El castillo de Santueri

Desde Santanyí tomamos la carretera Ma-14 dirección Felanitx. Pasamos por el pequeño pueblo de Cas Concos y después des Carritxó, poco antes de llegar a Felanitx, giramos a la derecha por el camino asfaltado del castillo de Santueri, que está perfectamente señalizado. Debemos recorrer los 5,4 km por esta vía para llegar a la base de la fortificación, después de pasar cerca de las casas de la possessió del Castell.

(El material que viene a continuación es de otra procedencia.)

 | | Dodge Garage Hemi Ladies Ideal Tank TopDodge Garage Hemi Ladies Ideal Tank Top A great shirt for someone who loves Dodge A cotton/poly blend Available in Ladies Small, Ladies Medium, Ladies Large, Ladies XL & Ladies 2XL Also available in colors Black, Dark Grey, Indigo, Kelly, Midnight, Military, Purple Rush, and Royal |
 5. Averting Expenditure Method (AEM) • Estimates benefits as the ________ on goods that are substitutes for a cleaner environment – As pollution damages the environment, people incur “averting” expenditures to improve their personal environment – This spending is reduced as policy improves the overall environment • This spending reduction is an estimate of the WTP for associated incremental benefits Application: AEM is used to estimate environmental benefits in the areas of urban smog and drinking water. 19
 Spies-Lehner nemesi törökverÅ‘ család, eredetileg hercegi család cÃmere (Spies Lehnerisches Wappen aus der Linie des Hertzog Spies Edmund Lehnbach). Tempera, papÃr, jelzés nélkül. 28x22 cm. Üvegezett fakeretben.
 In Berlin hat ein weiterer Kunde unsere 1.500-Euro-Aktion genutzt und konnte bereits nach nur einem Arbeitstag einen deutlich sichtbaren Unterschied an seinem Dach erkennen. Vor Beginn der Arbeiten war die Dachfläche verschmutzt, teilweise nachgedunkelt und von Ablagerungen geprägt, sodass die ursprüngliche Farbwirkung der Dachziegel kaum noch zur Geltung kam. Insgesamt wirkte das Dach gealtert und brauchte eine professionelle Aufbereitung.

El castillo de Santueri ya existía durante la dominación islámica. Fue conquistado durante la segunda estancia de Jaime I en Mallorca, en 1231. En el Reparto correspondió al conde del Rosselló, Nunó Sanç. Cuando éste murió en 1241, pasó a manos de la corona. A lo largo del siglo XIV, se hicieron importantes obras de reforma. Durante la Germanía (1521-23), se mantuvo al lado del poder real, y resistió el asedio de los agermanados. Fue un punto de referencia en la defensa contra los corsarios, en los siglos XVI y XVII. Con el paso del tiempo, perdió importancia estratégica y en 1811 fue subastado y pasó a ser propiedad privada.

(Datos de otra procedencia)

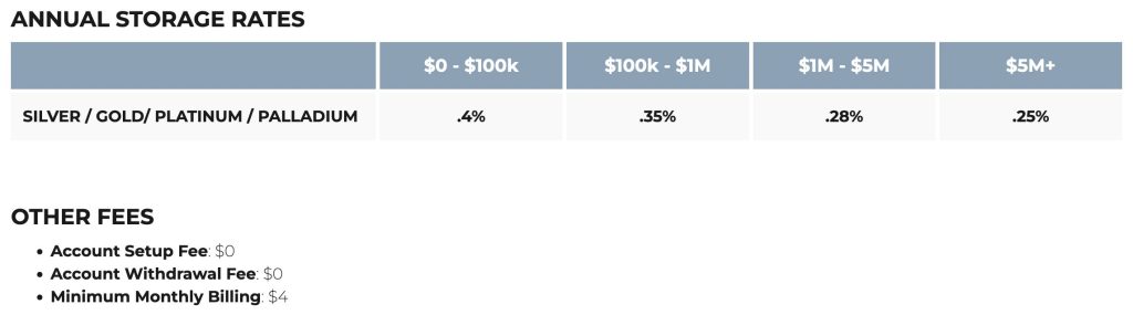 These low rates include fully separate storage for each client’s metals, meaning your items are not mixed with others’. The lowest monthly charge is only $4.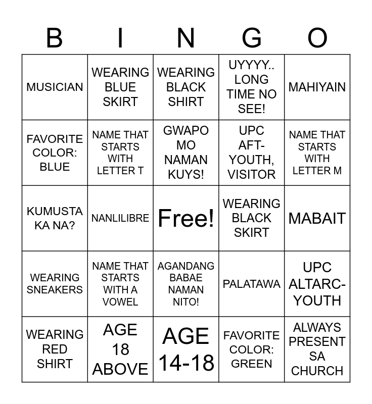 This bingo card has a free space and 28 words: UPC ALTARC- YOUTH, UPC CENTRO- YOUTH, UPC AFT-YOUTH, VISITOR, FAVORITE COLOR: GREEN, FAVORITE COLOR: BLUE, WEARING BLACK SHIRT, WEARING BLUE SKIRT, WEARING SNEAKERS, WEARING BLACK SKIRT, WEARING RED SHIRT, KUMUSTA KA NA?, UYYYY.. LONG TIME NO SEE!, AGE 18 ABOVE, AGE 14-18, NAME THAT STARTS WITH LETTER M, NAME THAT STARTS WITH LETTER C, NAME THAT STARTS WITH A VOWEL, NAME THAT STARTS WITH LETTER T, GWAPO MO NAMAN KUYS!, AGANDANG BABAE NAMAN NITO!, MUSICIAN, SINGER, ALWAYS PRESENT SA CHURCH, NANLILIBRE, MABAIT, PALATAWA, MAHIYAIN and IYAKIN.
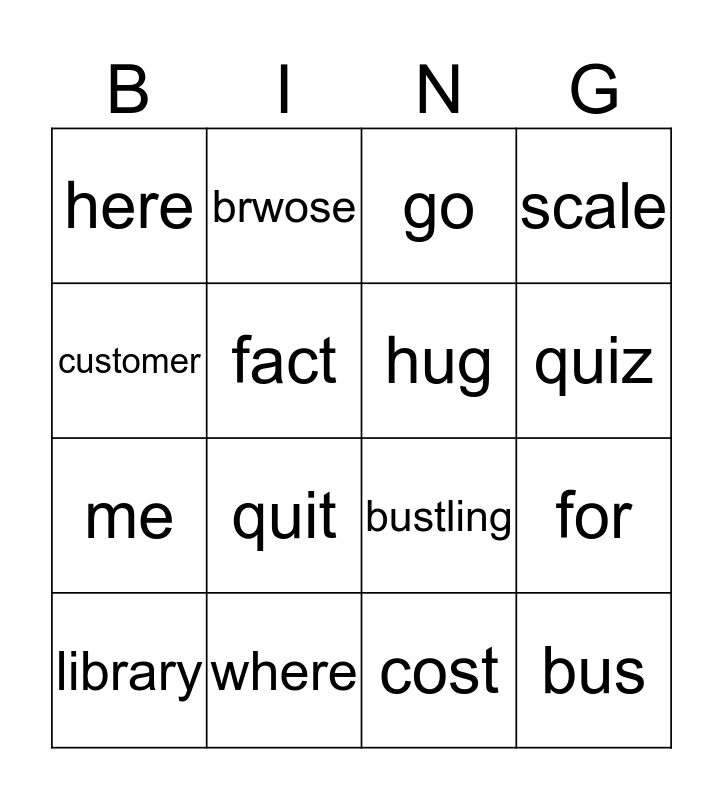 This bingo card has 16 words: where, for, go, here, me, brwose, bustling, cost, customer, fact, library, scale, quit, quiz, hug and bus.

Antes del portal de entrada, se encuentra la antemuralla o barbacana, con un portal de arco de medio punto adintelado. Destacamos la magnífica torre del homenaje, de sección circular, con canecillos, aspilleras y una cúpula que se encuentra derribada. De esta torre, que ocupa el vértice angular, salen los dos muros principales. El que mira a poniente tiene un coronamiento almenado. El otro muro, orientado hacia el sur-este, constituye la fachada principal. Han desaparecido las almenas, pero, en cambio, conserva canecillos lobulados y aspilleras. En la parte superior del portal, hay un segundo arco, que deja un pequeño espacio vacío, de sentido defensivo. Más a la derecha de la puerta, podemos ver dos torres de planta cuadrada, posiblemente de base musulmana.

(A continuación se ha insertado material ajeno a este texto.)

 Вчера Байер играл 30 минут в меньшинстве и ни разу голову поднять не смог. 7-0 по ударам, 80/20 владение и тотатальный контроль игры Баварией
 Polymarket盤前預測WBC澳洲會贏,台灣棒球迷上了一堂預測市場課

En el interior del recinto, constituido por la ancha superficie de la gran mole rocosa natural, encontramos primeramente las estancias, en ruina, abrigadas a la sombra y protección de las murallas de entrada. A la derecha, localizamos la parte interior de las torres cuadradas, con un aljibe cerca de la primera. Más arriba, hay restos de diversas construcciones, entre las cuales destaca la bóveda medio hundida de otro aljibe. Una vez alcanzada la parte superior, el panorama es impresionante. En la parte más extrema, opuesta a la entrada, hay otro lienzo de muralla, que protegía el ángulo norte del castillo, que mira hacia Sant Salvador. Este ángulo fortificado se encuentra muy deteriorado, pero todavía muestra las aspilleras y el sistema de construcción llamado de espina de pez (con forma romboidal, técnica que proviene de la arquitectura romana, llamada “opus spicatum”). También encontraremos dos torres de planta cuadrada aisladas.